À la poursuite des micro-organismes
Plancton, bactéries et algues sont pourtant indispensables à la vie océanique et terrestre. « Les micro-organismes marins produisent la moitié de l’oxygène que nous respirons… C’est une sorte de forêt invisible dans les mers », explique Chris Bowler. Un poumon bleu que le chercheur connaît bien : il est l’un des hommes forts de l’expédition Tara, qui a récolté pendant quatre ans du plancton dans les océans du monde entier afin d’en étudier le génome. Présent au large de Villefranche-sur-Mer dans le cadre de sa nouvelle mission dans le Bassin méditerranéen, le bateau laboratoire participe évidemment à cette vaste opération d’échantillonnage des eaux. Une initiative qui favorise l’échange entre scientifiques à travers la planète. « Cette opération promeut la transmission mondiale des savoirs entre scientifiques. Les mêmes protocoles et les mêmes techniques seront utilisés partout », indique Chris Bowler. De l’Arctique à l’Afrique du Sud, les données seront mises en commun et comparées.

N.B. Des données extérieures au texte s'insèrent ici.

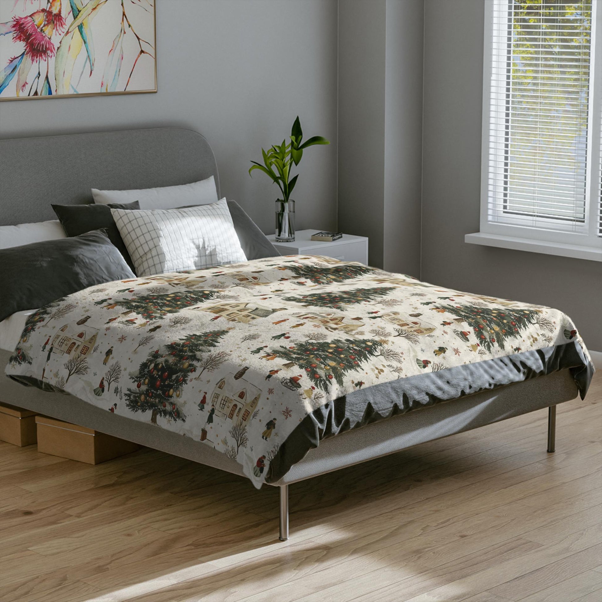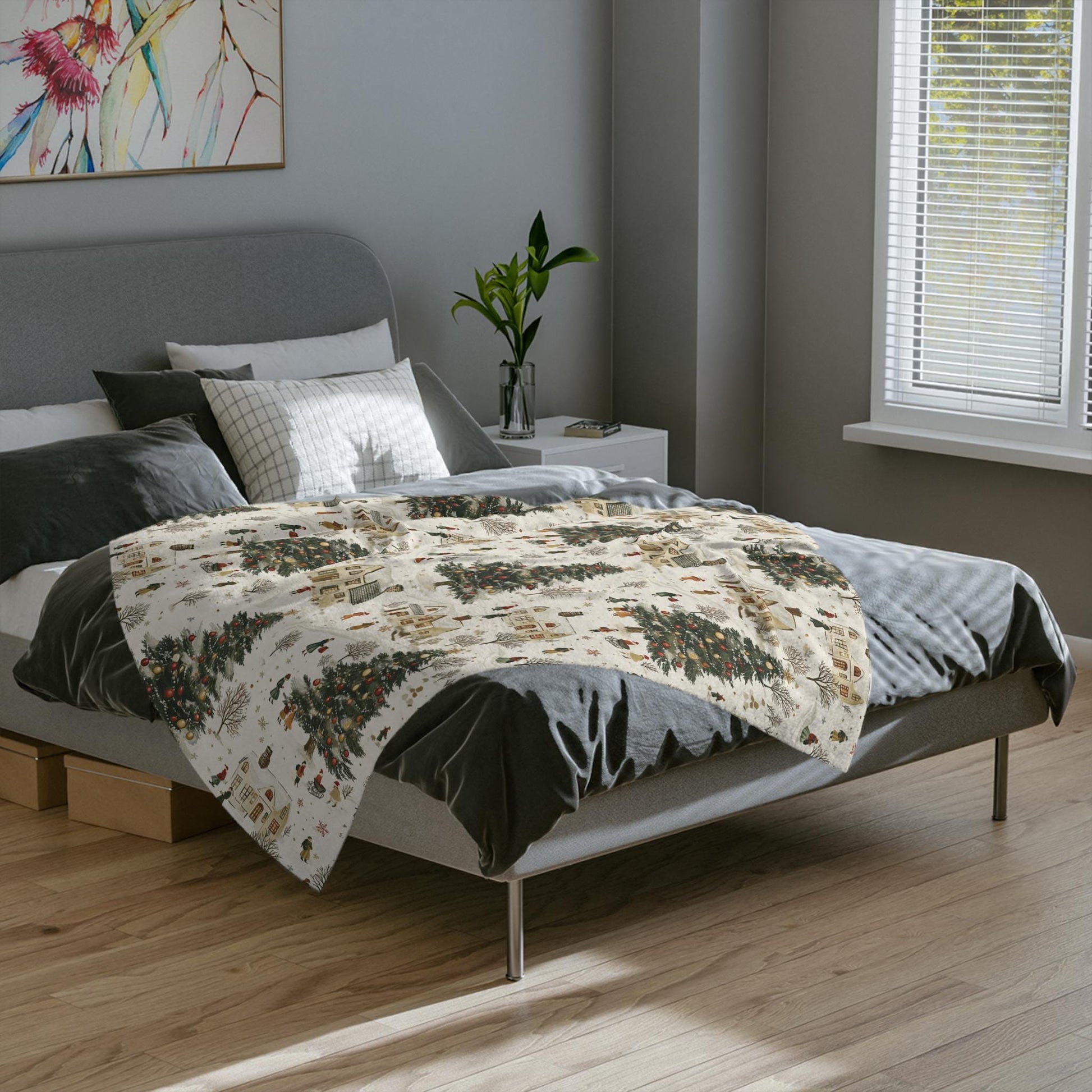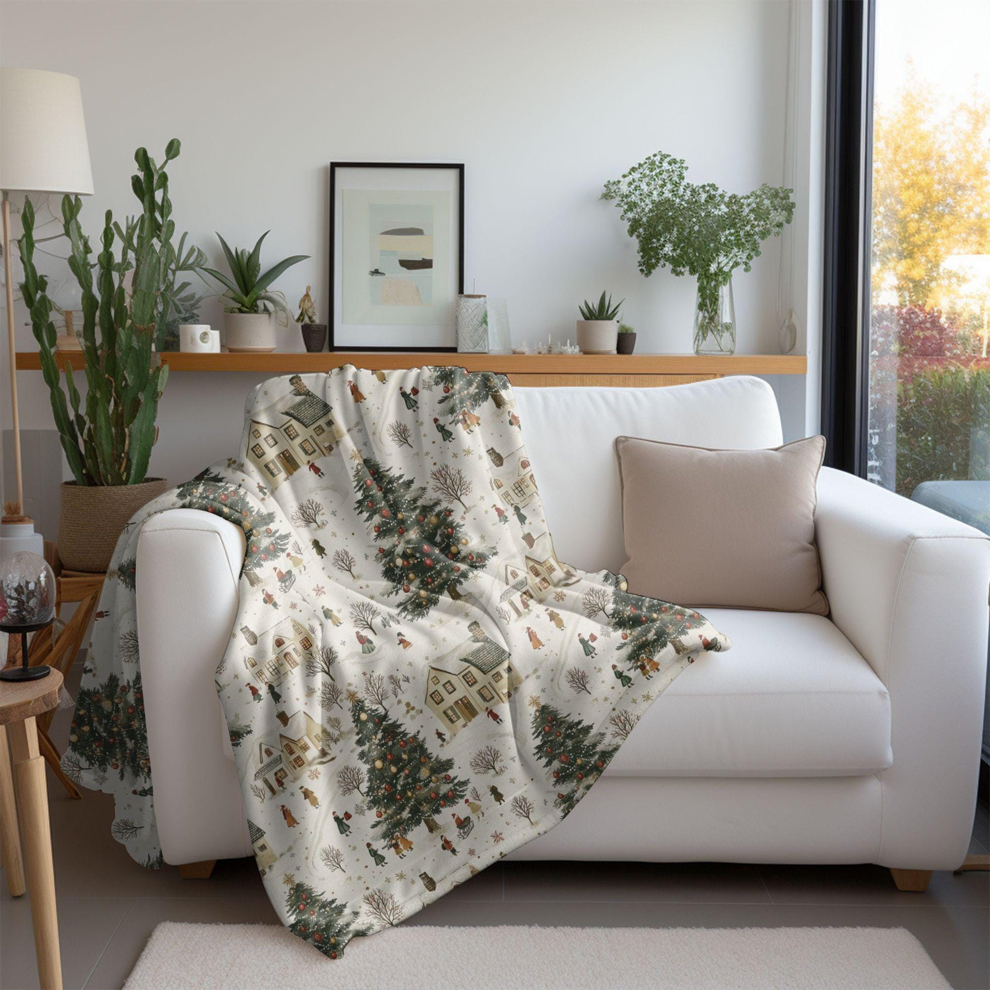 Holiday Village Blanket Christmas Trees Fleece Throw Christmas Village Home Decor Lap Blanket Christmas Gift for Family Friends Coworkers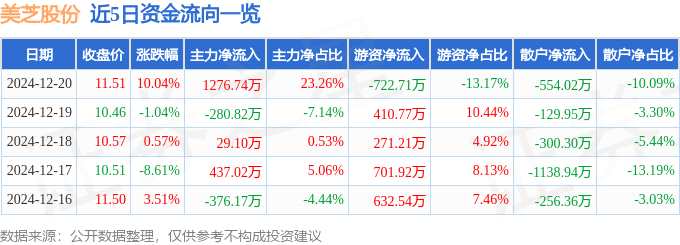 消息,美芝股份12月20日漲停收盤(pán),收盤(pán)價(jià)11.51元。該股于9點(diǎn)25分漲停,未打開(kāi)漲停,截止收盤(pán)封單資金為1.95億元,占其流通市值13.98%。

La science participative à l’honneur
L’Ocean Sampling Day rassemble des scientifiques, mais pas seulement. Le temps d’une journée, chaque citoyen pourra devenir assistant chercheur en collectant localement des données océaniques. « À travers l’opération de science participative MonOSD, on cherche à impliquer les citoyens dans la science, mais aussi à les sensibiliser à la condition des océans », souligne Chris Bowler. Température, salinité de l’eau ou vitesse du vent, toutes les informations pourront être envoyées aux chercheurs via une application pour smartphone. Des données qui alimenteront la cartographie des océans mise au point par les scientifiques.
Quelques doutes persistent cependant quant à cette initiative. « Sur le principe c’est très bien, mais nous nous attendons tout de même à récupérer quelques données incongrues qui ne seront pas forcément exploitables », sourit le chercheur. Néanmoins, cette opération de science citoyenne permettra de récolter un nombre extraordinaire d’informations utiles à la recherche. Et, dans l’idéal, il faudrait renouveler l’opération les années suivantes « pour comparer l’évolution des micro-organismes dans le temps », ajoute le chercheur. Mieux connaître ces organismes est crucial. Au-delà de leur importance pour la vie terrestre, ils constituent sans doute une formidable source d’inspiration pour les biotechnologies. L’océan pourrait bien devenir, dans les prochaines années, le vivier de traitements anti-cancer ou de biocarburants.
- 1. Chris Bowler est directeur de la section Génomique environnementale et évolutive à l’Institut de biologie de l’École normale supérieure (CNRS/ENS/Inserm). Depuis 2009, il coordonne l’opération Tara Oceans. Médaillé d’argent du CNRS en 2010, il est partenaire de l’Ocean Sampling Day.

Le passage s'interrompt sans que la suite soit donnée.